***** Dataset content

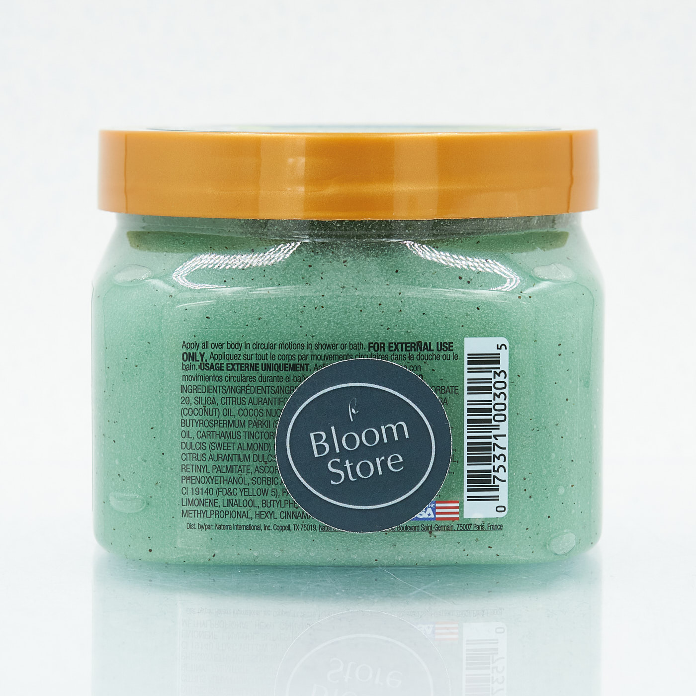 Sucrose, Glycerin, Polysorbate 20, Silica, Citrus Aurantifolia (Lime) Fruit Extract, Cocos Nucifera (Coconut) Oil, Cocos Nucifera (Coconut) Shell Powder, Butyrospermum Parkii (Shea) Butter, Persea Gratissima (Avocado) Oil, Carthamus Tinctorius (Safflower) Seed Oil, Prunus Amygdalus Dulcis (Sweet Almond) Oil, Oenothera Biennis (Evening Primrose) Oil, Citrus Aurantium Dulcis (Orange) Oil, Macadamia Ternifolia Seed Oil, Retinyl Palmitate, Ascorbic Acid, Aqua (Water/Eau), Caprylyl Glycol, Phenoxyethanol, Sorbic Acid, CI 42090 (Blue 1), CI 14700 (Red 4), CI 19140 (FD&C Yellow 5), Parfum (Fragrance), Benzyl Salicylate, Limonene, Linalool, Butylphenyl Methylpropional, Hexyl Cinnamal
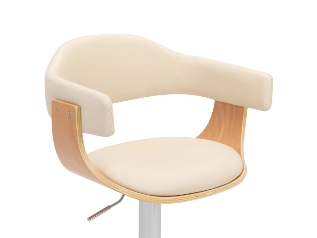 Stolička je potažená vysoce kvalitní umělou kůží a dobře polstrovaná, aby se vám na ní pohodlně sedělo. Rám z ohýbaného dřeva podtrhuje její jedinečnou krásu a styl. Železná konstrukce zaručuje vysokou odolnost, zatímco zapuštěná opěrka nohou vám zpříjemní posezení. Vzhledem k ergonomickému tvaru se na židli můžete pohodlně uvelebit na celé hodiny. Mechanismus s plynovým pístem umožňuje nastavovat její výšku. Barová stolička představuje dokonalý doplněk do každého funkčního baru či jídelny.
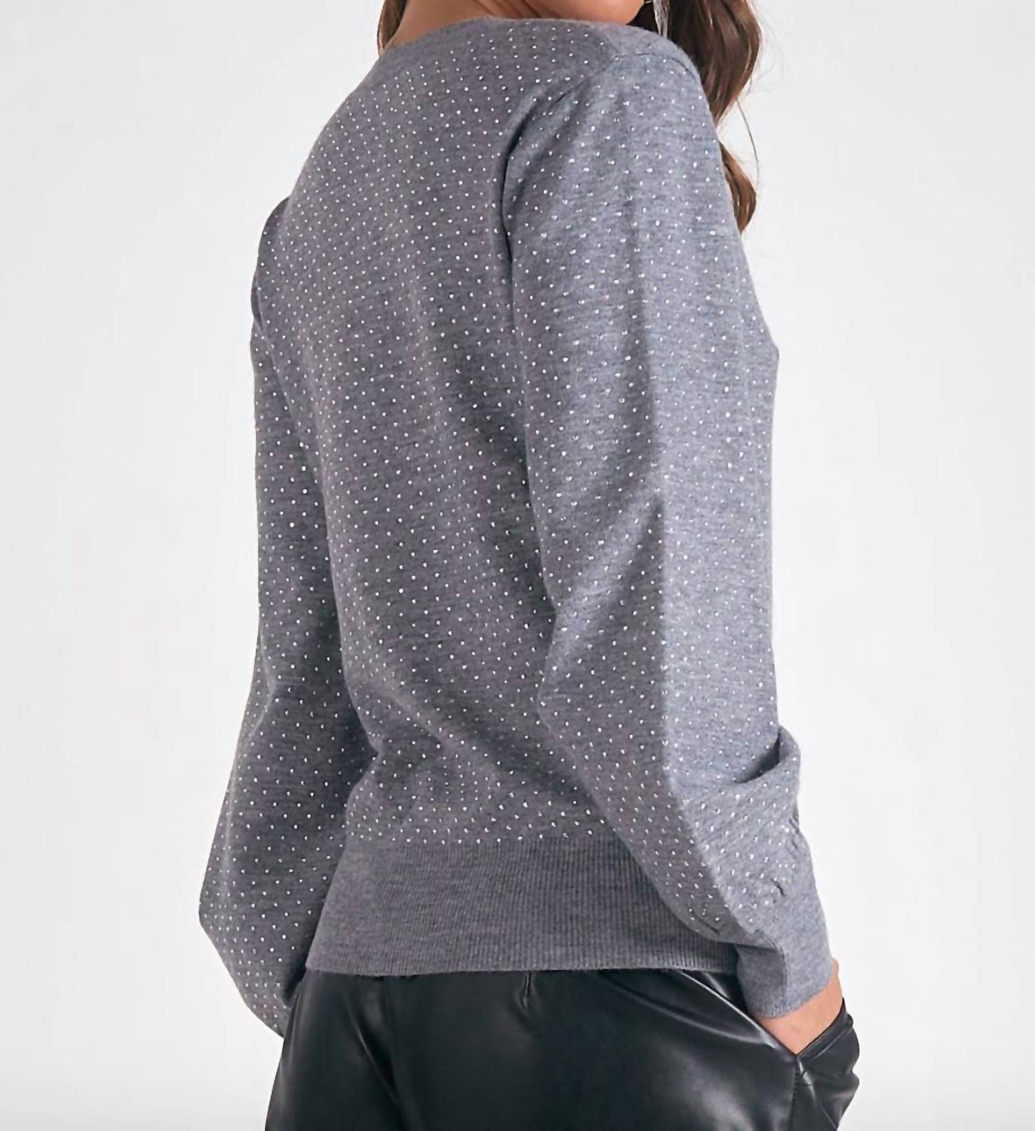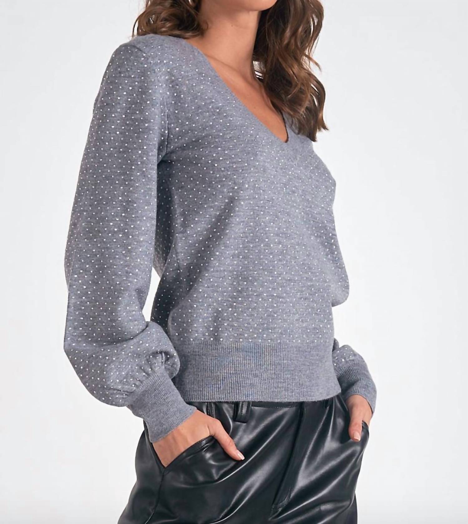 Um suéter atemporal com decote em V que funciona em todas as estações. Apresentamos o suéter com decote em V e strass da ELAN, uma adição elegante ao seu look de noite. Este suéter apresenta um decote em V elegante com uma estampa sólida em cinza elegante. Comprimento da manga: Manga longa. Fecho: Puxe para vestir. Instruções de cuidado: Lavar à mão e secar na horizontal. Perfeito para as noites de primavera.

**********

▶ **What to work on**:
Everything above should be given again exactly, apart from the pictures.

▶ **Task result**:
 Sucrose, Glycerin, Polysorbate 20, Silica, Citrus Aurantifolia (Lime) Fruit Extract, Cocos Nucifera (Coconut) Oil, Cocos Nucifera (Coconut) Shell Powder, Butyrospermum Parkii (Shea) Butter, Persea Gratissima (Avocado) Oil, Carthamus Tinctorius (Safflower) Seed Oil, Prunus Amygdalus Dulcis (Sweet Almond) Oil, Oenothera Biennis (Evening Primrose) Oil, Citrus Aurantium Dulcis (Orange) Oil, Macadamia Ternifolia Seed Oil, Retinyl Palmitate, Ascorbic Acid, Aqua (Water/Eau), Caprylyl Glycol, Phenoxyethanol, Sorbic Acid, CI 42090 (Blue 1), CI 14700 (Red 4), CI 19140 (FD&C Yellow 5), Parfum (Fragrance), Benzyl Salicylate, Limonene, Linalool, Butylphenyl Methylpropional, Hexyl Cinnamal
 Stolička je potažená vysoce kvalitní umělou kůží a dobře polstrovaná, aby se vám na ní pohodlně sedělo. Rám z ohýbaného dřeva podtrhuje její jedinečnou krásu a styl. Železná konstrukce zaručuje vysokou odolnost, zatímco zapuštěná opěrka nohou vám zpříjemní posezení. Vzhledem k ergonomickému tvaru se na židli můžete pohodlně uvelebit na celé hodiny. Mechanismus s plynovým pístem umožňuje nastavovat její výšku. Barová stolička představuje dokonalý doplněk do každého funkčního baru či jídelny.
 Um suéter atemporal com decote em V que funciona em todas as estações. Apresentamos o suéter com decote em V e strass da ELAN, uma adição elegante ao seu look de noite. Este suéter apresenta um decote em V elegante com uma estampa sólida em cinza elegante. Comprimento da manga: Manga longa. Fecho: Puxe para vestir. Instruções de cuidado: Lavar à mão e secar na horizontal. Perfeito para as noites de primavera.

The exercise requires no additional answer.